§ WHAT IS EXPECTED: Transcribe the records that follow. Keep every word exactly, and drop the pictures.

§ RECORDS FOR THE EXERCISE:
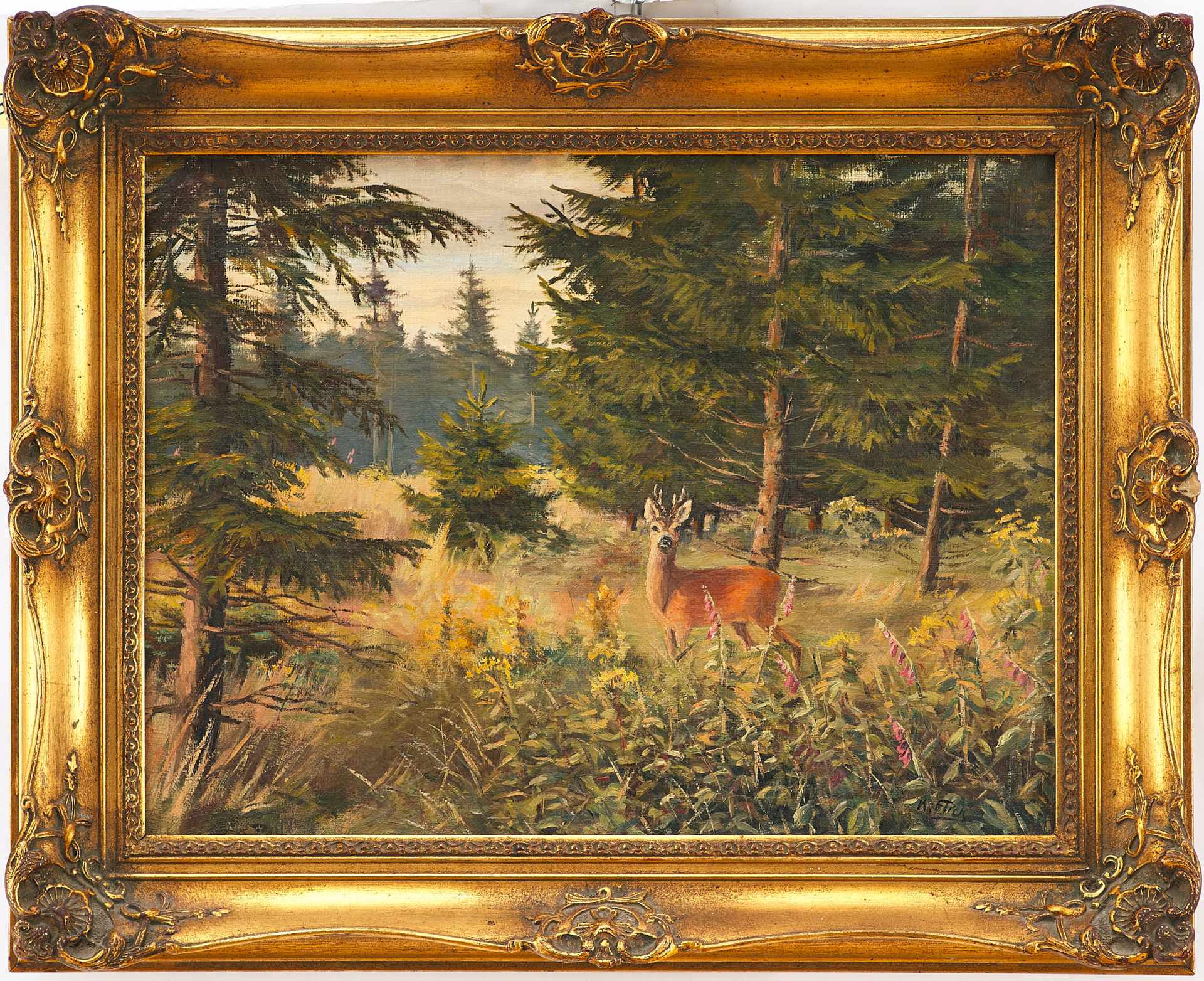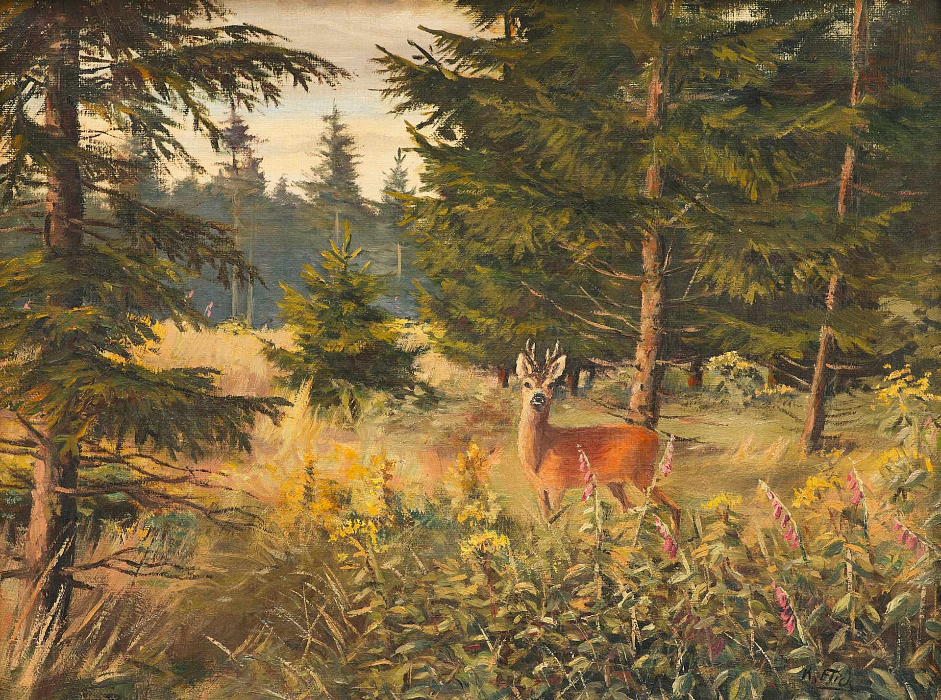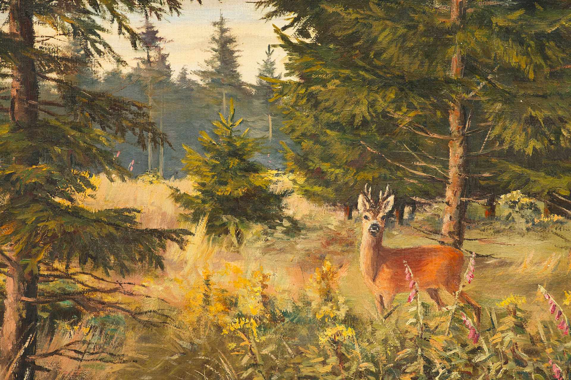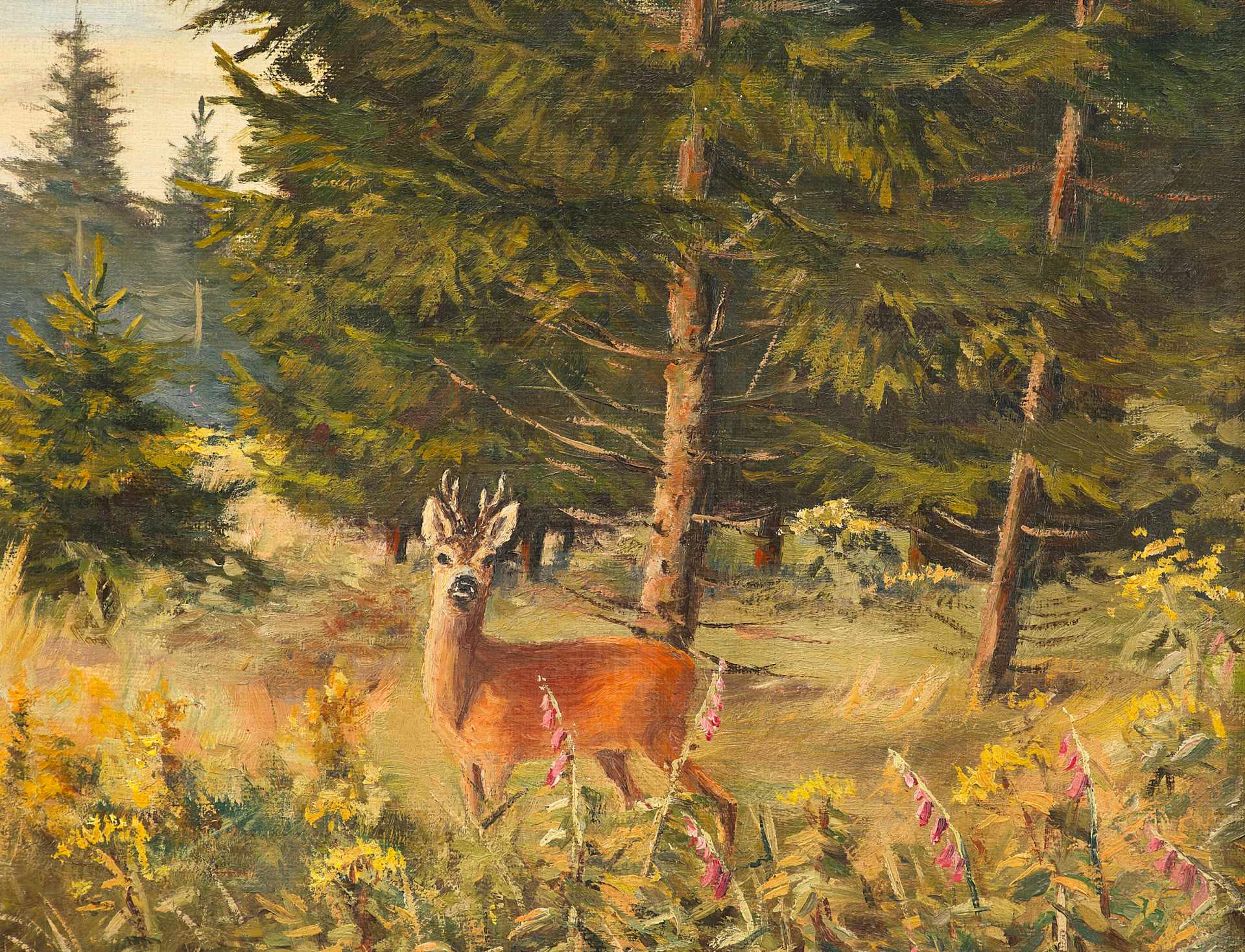 Картина "Косуля в лесной чаще" Германия начало ХХ века
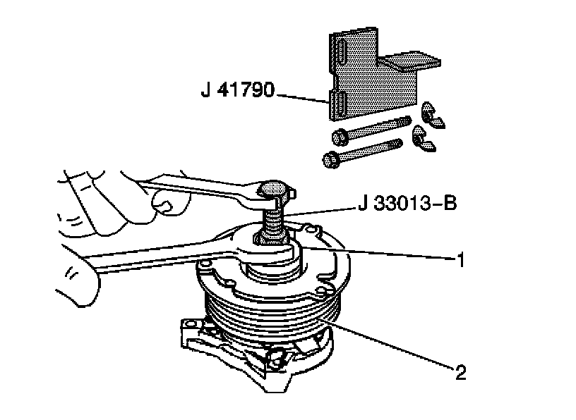 NOTE: Do not drive or pound on the clutch hub or shaft. Internal damage to the compressor may result. The forcing tip on the J 33013-B remover/installer center screw must be flat or the end of the shaft/axial plate assembly will be damaged.
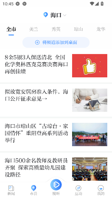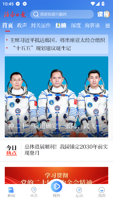 1、打开海南日报App,在底部导航栏中点击【视听】版块,浏览新闻内容时,点击进入您感兴趣的文章或视频详情页。
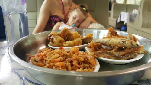 Durante la travesía puedes comprar bebidas e incluso pescado frito para picar algo mientras esperas la comida que te incluyen gratis. La comida incluida poco merece la pena, es el típico taper de arroz y carne recalentado que no vale nada… Así que recomendamos llevar algo de comida por si no os gusta lo que os dan y sobretodo para los niños.
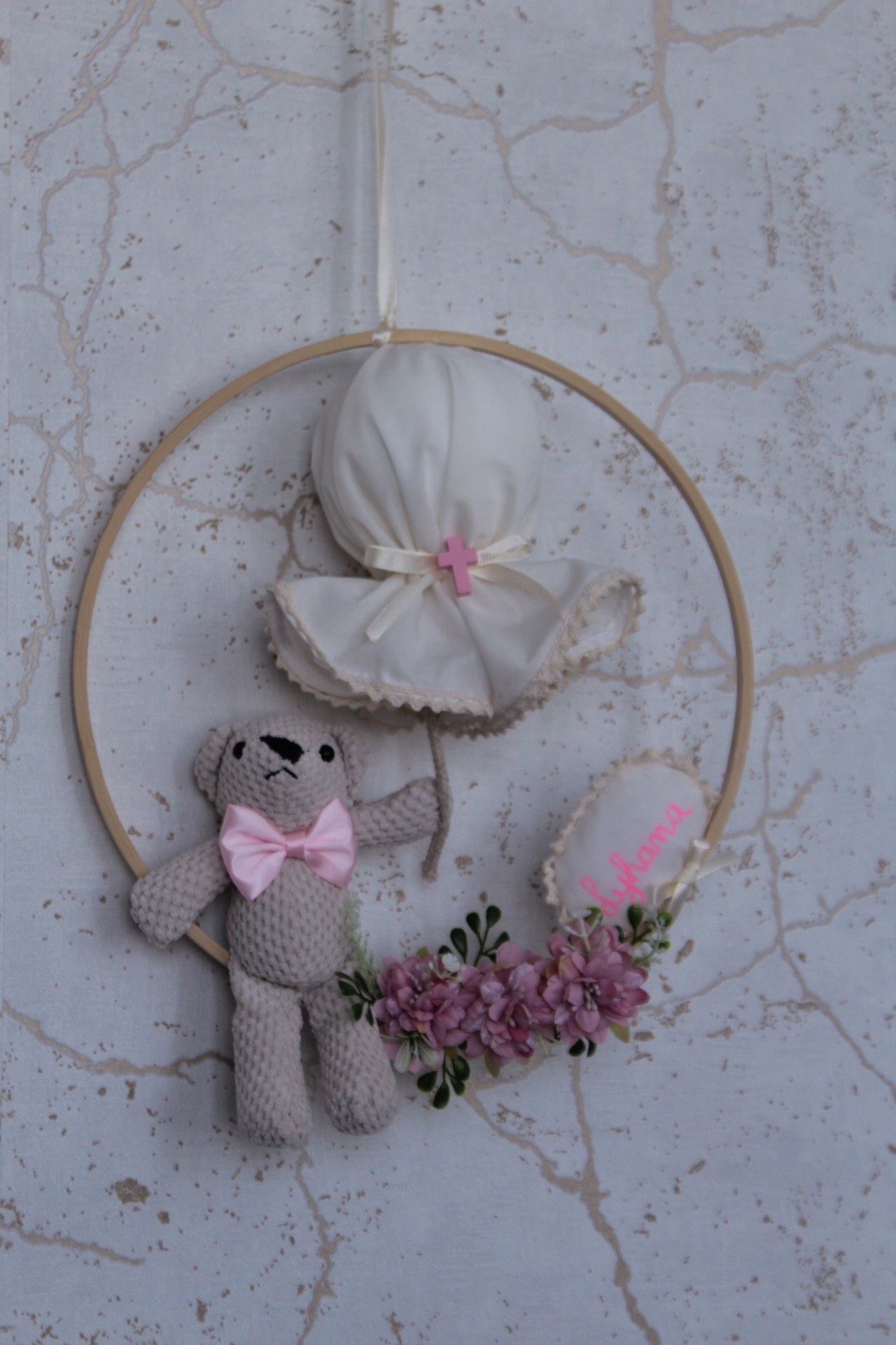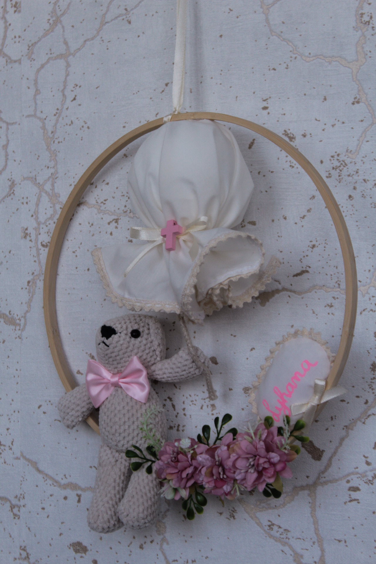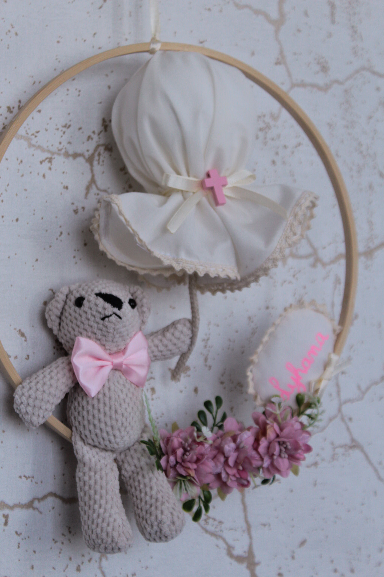 • Coroa decorativa com ursinho de croché, flores cor-de-rosa e manta branca com cruz cor-de-rosa

§ PROBLEM SOLUTION:
 Картина "Косуля в лесной чаще" Германия начало ХХ века
 NOTE: Do not drive or pound on the clutch hub or shaft. Internal damage to the compressor may result. The forcing tip on the J 33013-B remover/installer center screw must be flat or the end of the shaft/axial plate assembly will be damaged.
 1、打开海南日报App,在底部导航栏中点击【视听】版块,浏览新闻内容时,点击进入您感兴趣的文章或视频详情页。
 Durante la travesía puedes comprar bebidas e incluso pescado frito para picar algo mientras esperas la comida que te incluyen gratis. La comida incluida poco merece la pena, es el típico taper de arroz y carne recalentado que no vale nada… Así que recomendamos llevar algo de comida por si no os gusta lo que os dan y sobretodo para los niños.
 • Coroa decorativa com ursinho de croché, flores cor-de-rosa e manta branca com cruz cor-de-rosa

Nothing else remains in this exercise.